In 2005, the PEO licensed more international engineering graduates than graduates of Canadian engineering programs. However, only 25 per cent applied for a licence – a statistic Allen calls a “huge problem.”

“The quicker you can them deployed into something where they're fully utilized their talent, they better it is for them and the economy.”

Allen said the Ontario market has a need for professionals engaged in infrastructure projects such as bridge, road, sewers and power lines, not so much in manufacturing engineering.

Gurmeet Bambrah, executive director for Council for Access to the Profession of Engineering (CAPE) says he's mystified by the government's focus on speeding up the process of recognizing foreign-trained engineers.

“I think the foreign credential recognition is the wrong place to go. The direction should be going toward employers.”

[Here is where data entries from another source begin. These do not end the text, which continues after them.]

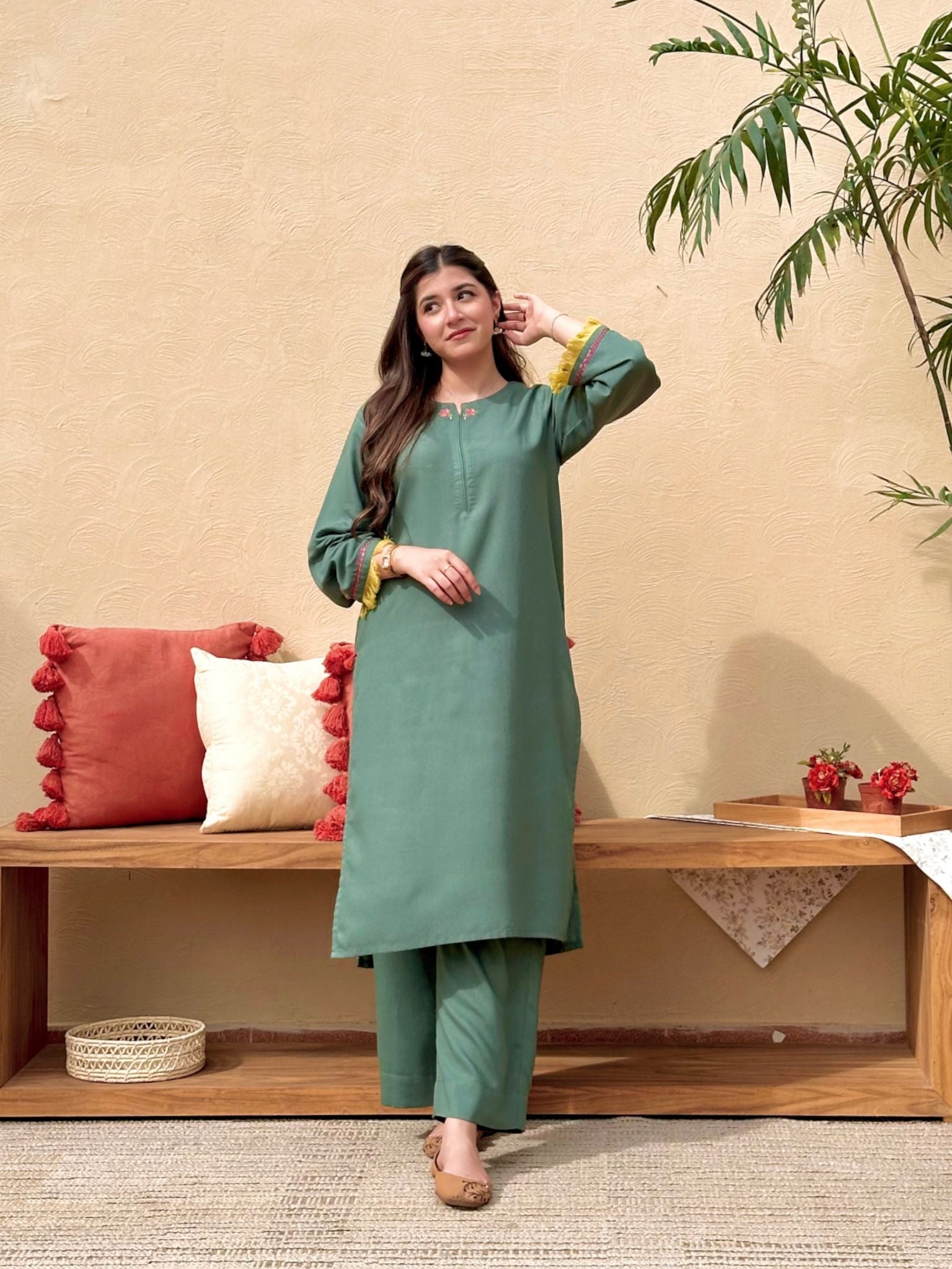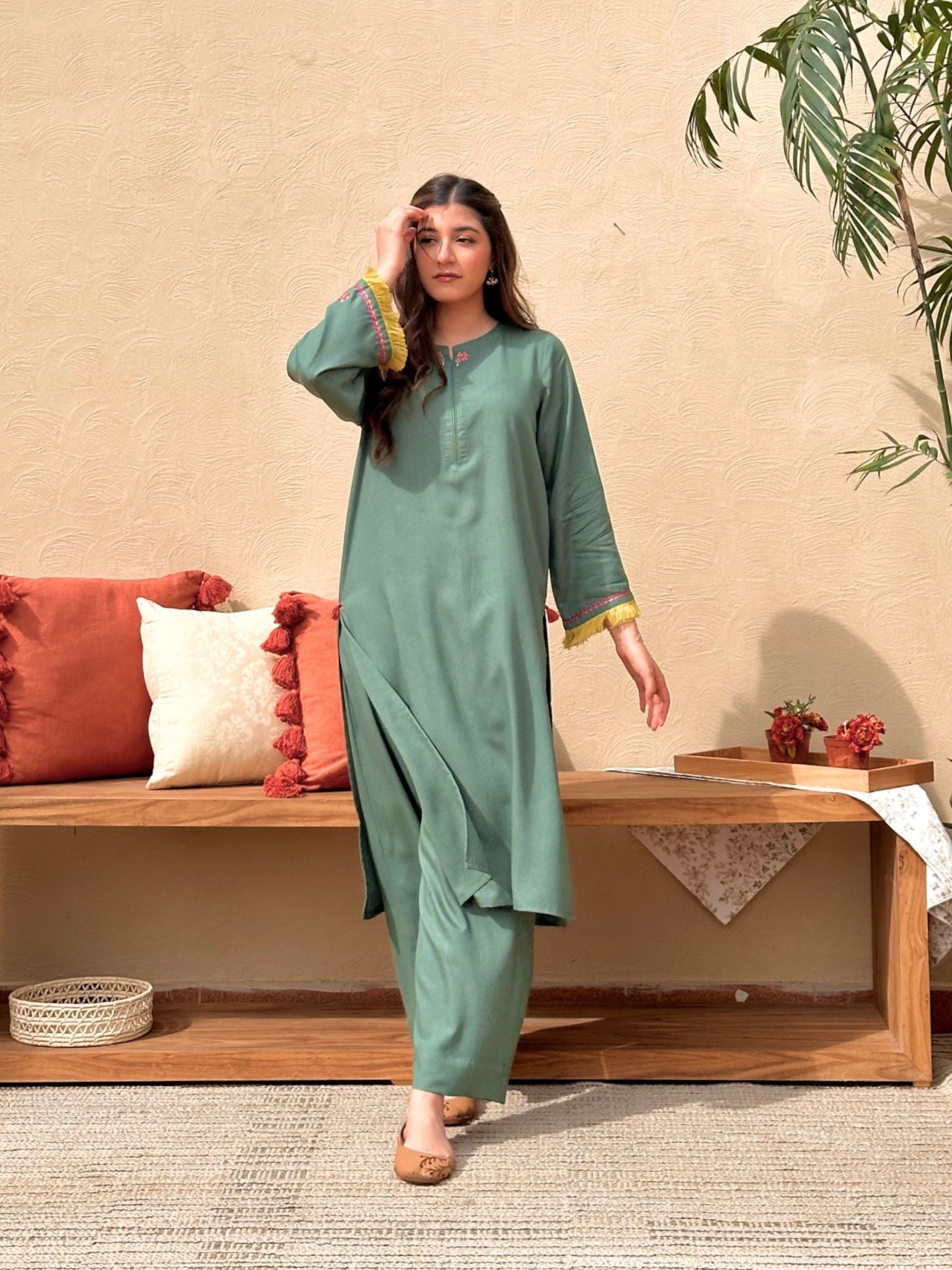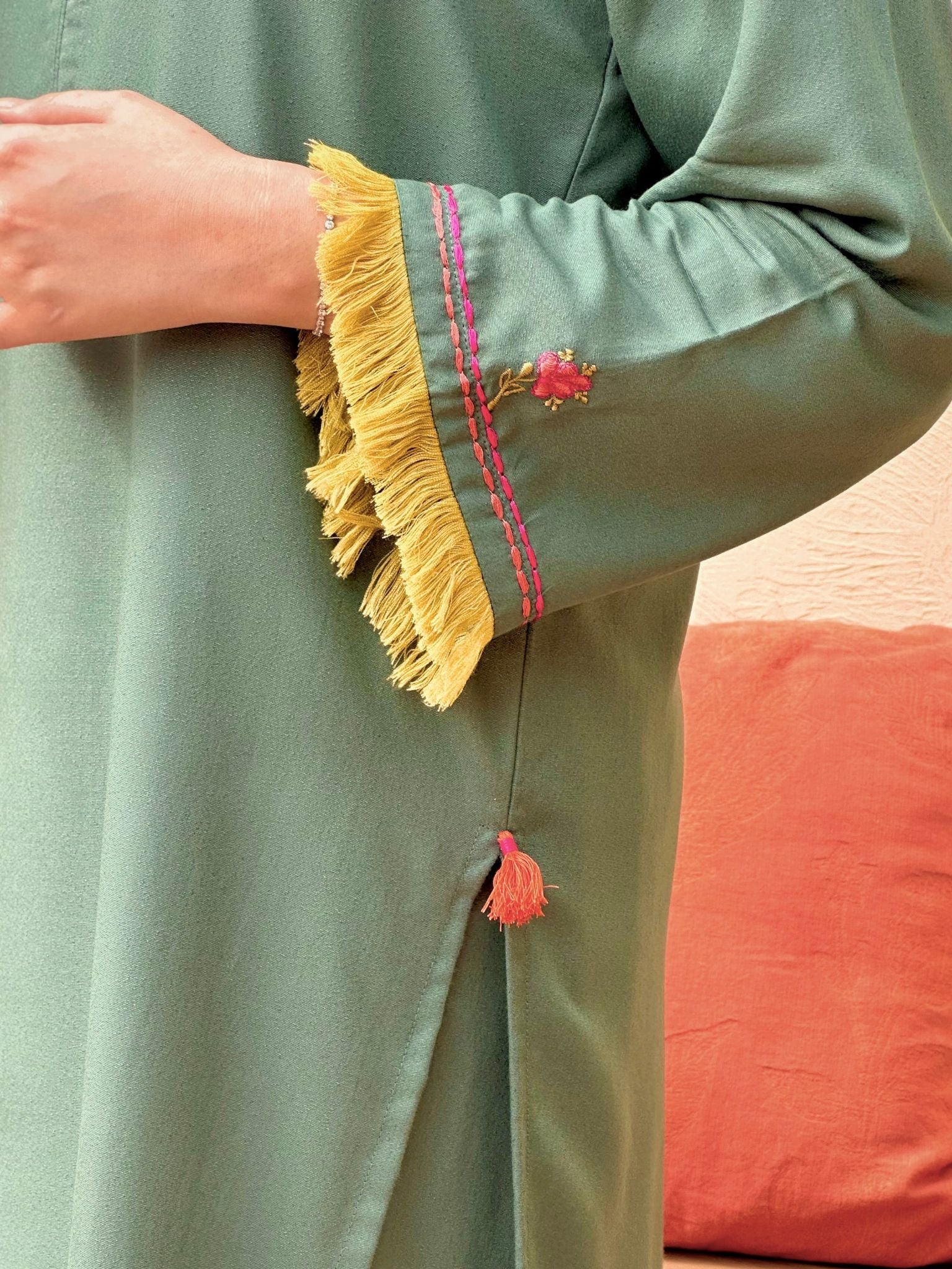 This 2-piece set with eye-catching lime fringes on sleeves and peachy pink floral embroidery on sleeves and neckline. Adorned with pearls, tassels on the side, and paired with straight pants.
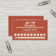 Um Cartão de Lealdade em tons castanhos vermelhos para pizzaria, caminhão de comida, comida de entrega de casa ou chefe de cozinhar, e ilustrado com uma fatia de pizza, um chapéu de chef e um prédio. Você pode distribuí-los aos seus clientes para criar lealdade. Estes vêm com 9 círculos vazios para um décimo de graça.
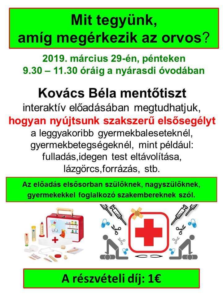 Nyárasdon március 29-én, pénteken 9.30 és 11.30 között az elsősegélynyújtásról tartanak előadást.
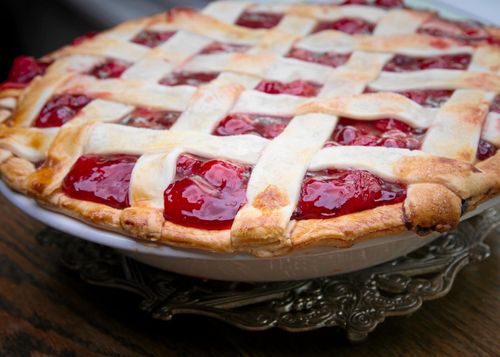 Härligt, somrigt recept på en klassisk körsbärspaj med vävt lock.
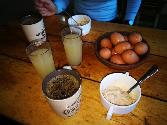 Zum krönenden Abschluss wurden wir, kurz vor 9 wieder am Camp, mit einem Frühstück für Helden empfangen - frischem Kaffee, Toast, Käse, Müsli, Eier. Endlich Eier!
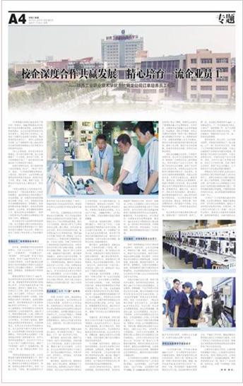 7月23日,《中国工业报》第四版以《校企深度合作共赢发展 精心培育一流企业员工》为题,报道了我院与欧姆龙公司订单培养学生,反映我院以服务学生就业为导向,以教育教学质量提升为核心,以促进学生持续发展为目标的“订单式”人才培养模式。
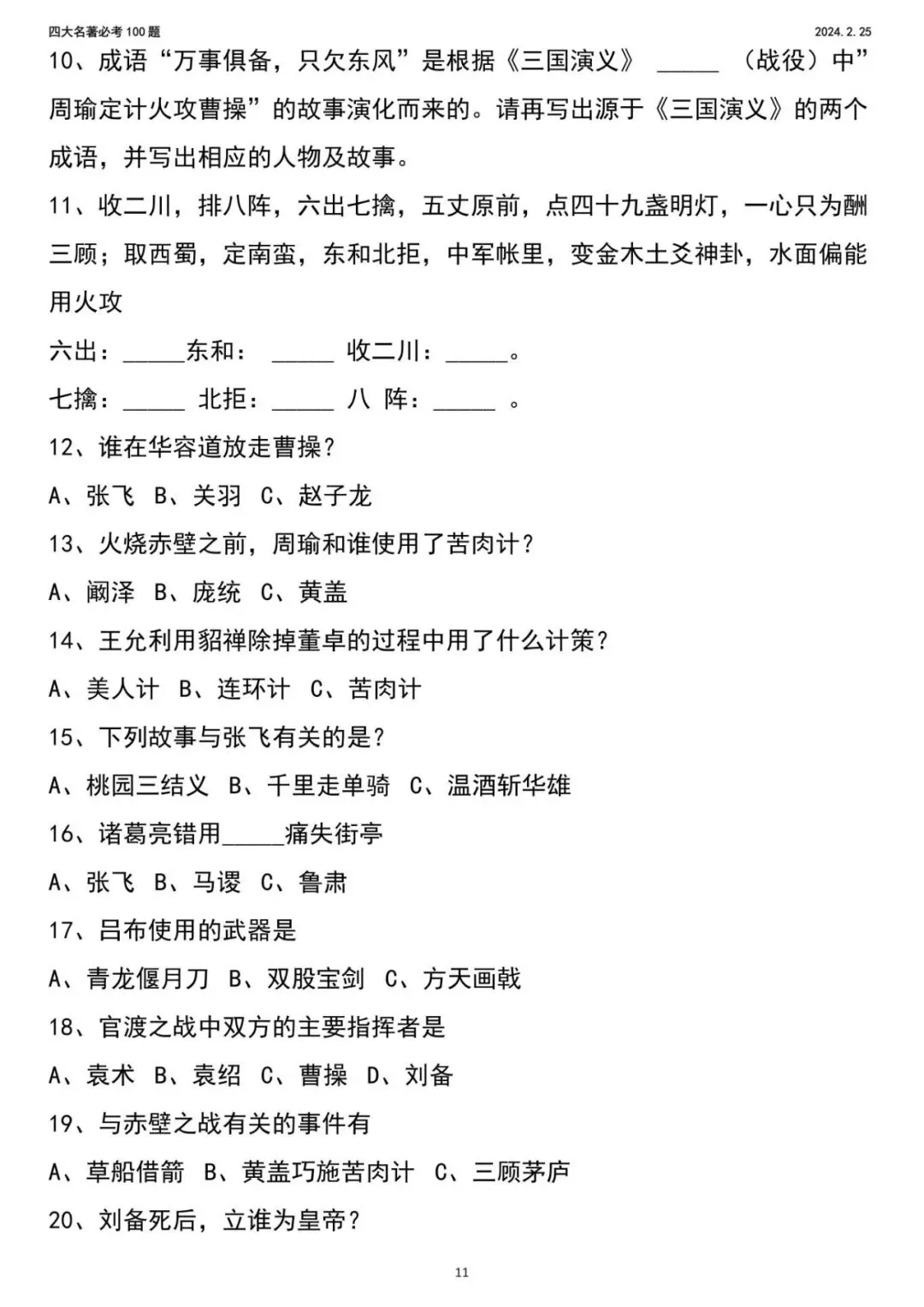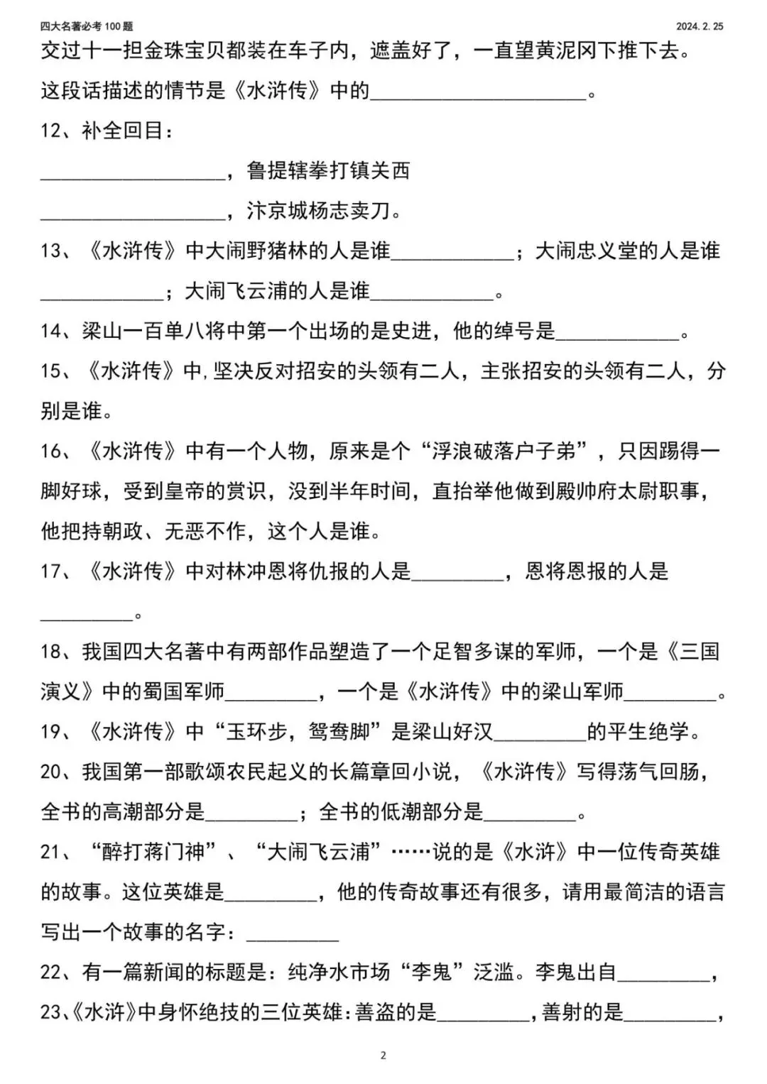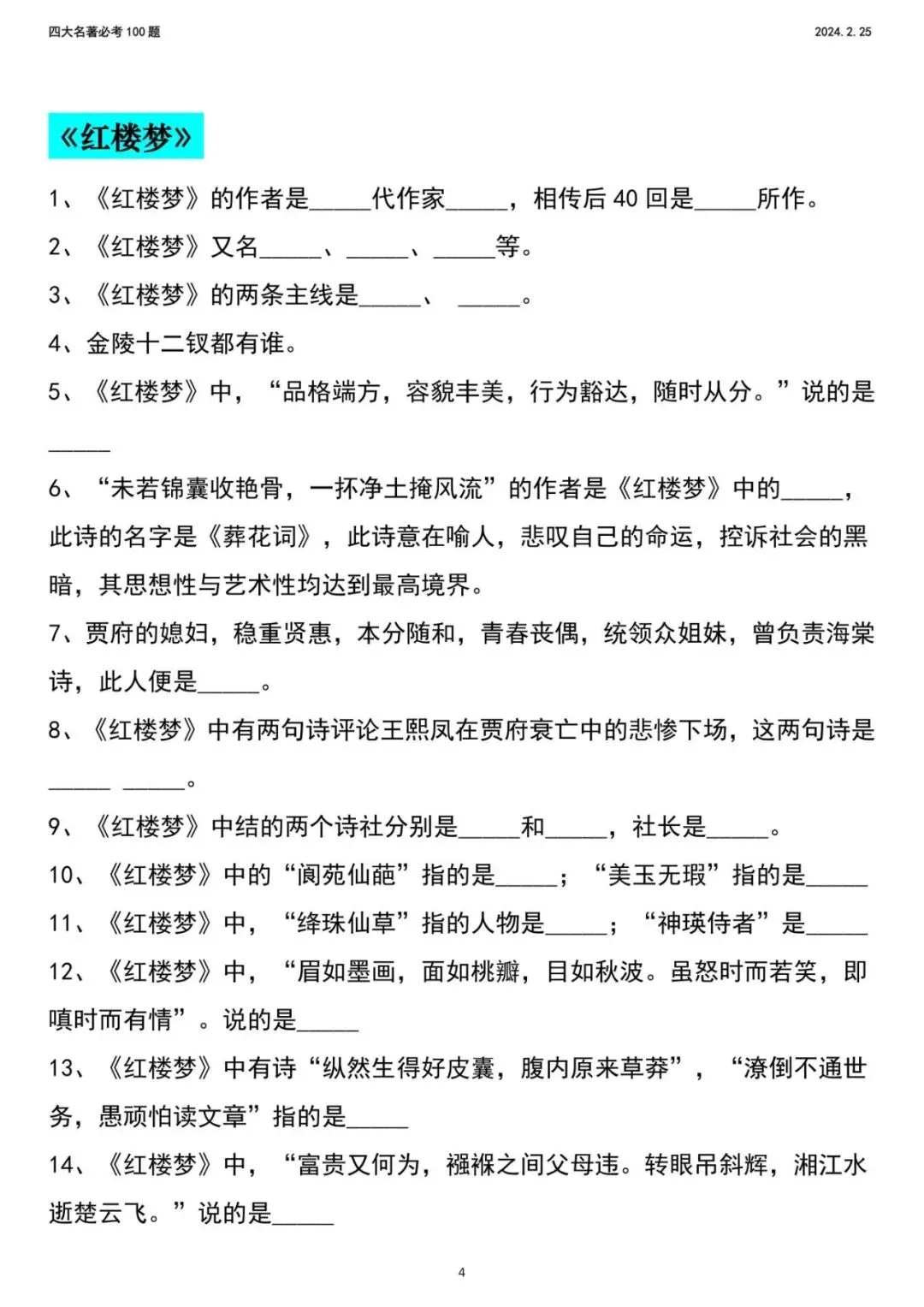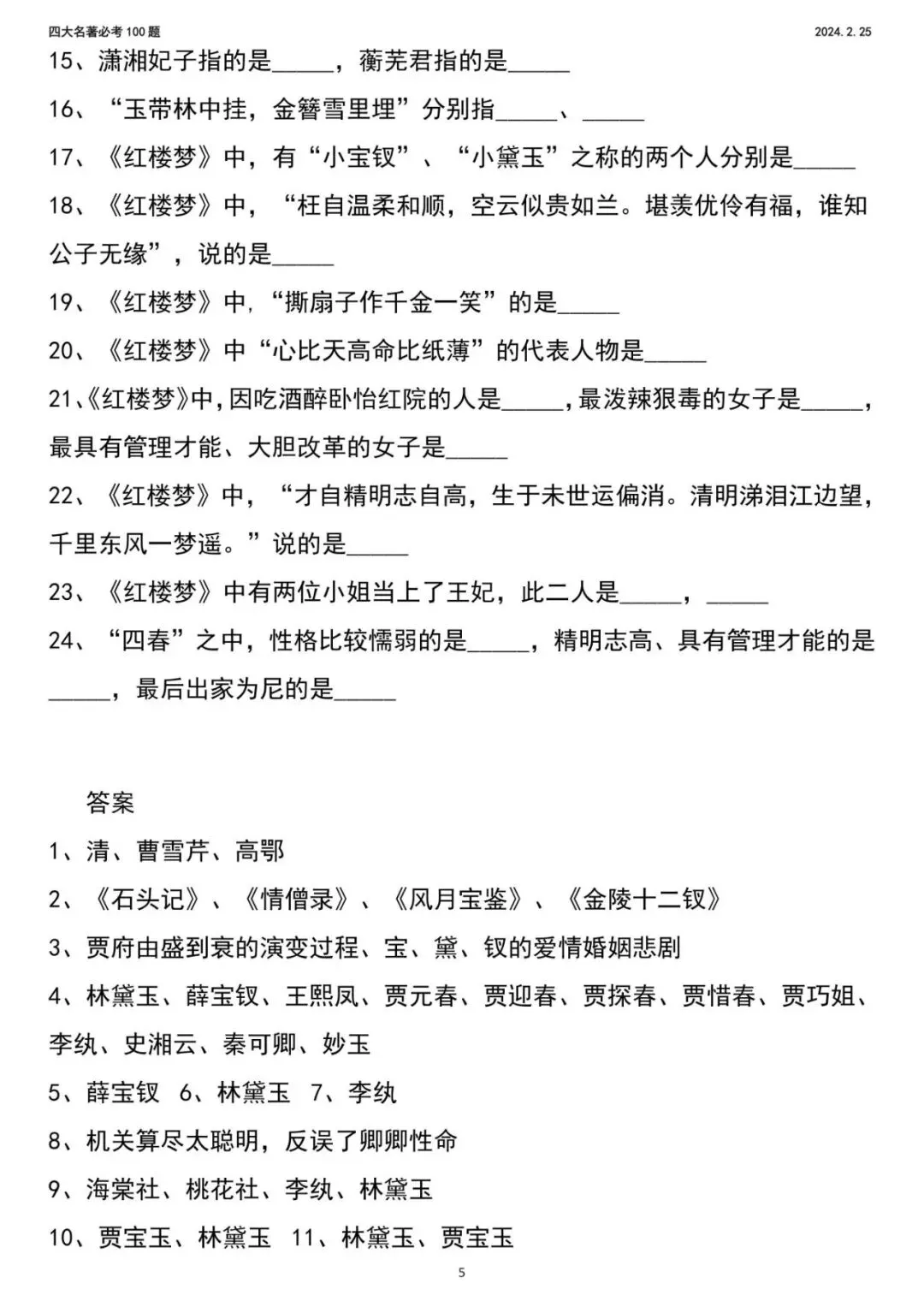 2026年新五年级下册语文四大名著,包含人物、年代、事件,电子版可下载,需要的家长打印出来,给孩子练一练吧!
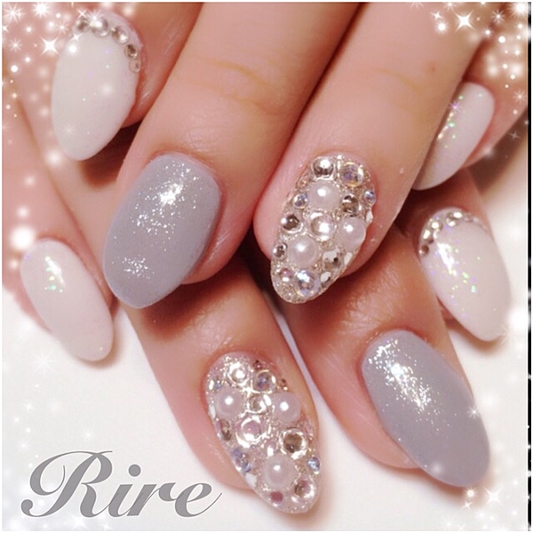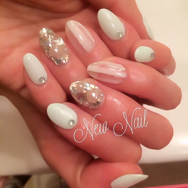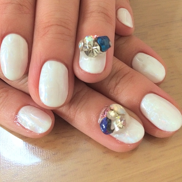 ホワイトのグラデーションにストーンが入ったデザイン☆
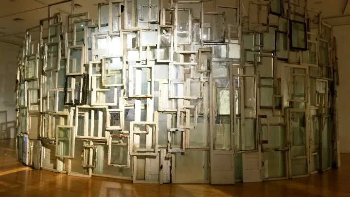 베를린 장벽이 무너진 뒤 생겨난 못 쓰는 창틀을 활용한 작품 <내부-외부>다. 28년간 단절된 채 살아온 동서독이 통독 과정에서 보여준 어려움을 대형 설치작업을 통해 독창적으로 표현했다. 같은 언어를 공유한 그들이나 서로 다른 삶을 살아온 자들의 너무나도 다른 인식 체제를 극복하기란 쉽지가 않을 테니.

Bambrah agrees the most internationally-trained engineers have no problem getting their credentials recognized.

Only 15 per cent get the required one-year's experience working with a licensed engineer in the jurisdiction they want to work, prior to licensure.

Bambrah said that's because there aren't enough employers willing to take the risk of bring them on board.

“Even if you want to make it faster for their credentials to be recognized, you wouldn't be addressing the bottleneck,” said Bambrah. “You have to go to the employers. That's the one that no one's willing to tackle.”

She said only one in five qualified foreign engineers applies for licensing and it's hurting Canadian productivity compared to emerging countries like China and India. Many qualified people disappear into entry-level positions as technicians. 

Bambrah calls Canada's licensing system one of the most rigid in the world.

Bambrah, a Kenyan-born civic engineer, educated at Loughborough University in the United Kingdom, is one of only 18 women in the world to be a Fellow of the Institute of Civil Engineers for having made a significant contribution to the profession.

After she was accredited, one potential employer wanted to place her in an entry-level position despite her 30 years of professional experience.

“I would have lost all of that if I had to go back to entry level. It didn't make sense.”

Instead she founded CAPE, which recently launched an online database and search engine to match qualified engineers with employers.

Bambrah said it's a competency-driven tool where employers can fill in a job description and, within minutes, can view a list of qualified candidates resumes and portfolios.

Instead of devoting time and money on recognizing foreign credentials in a saturated market of engineers, the federal government and the regulatory bodies should concrete on finds ways to modernizing the profession to compete with other OECD countries.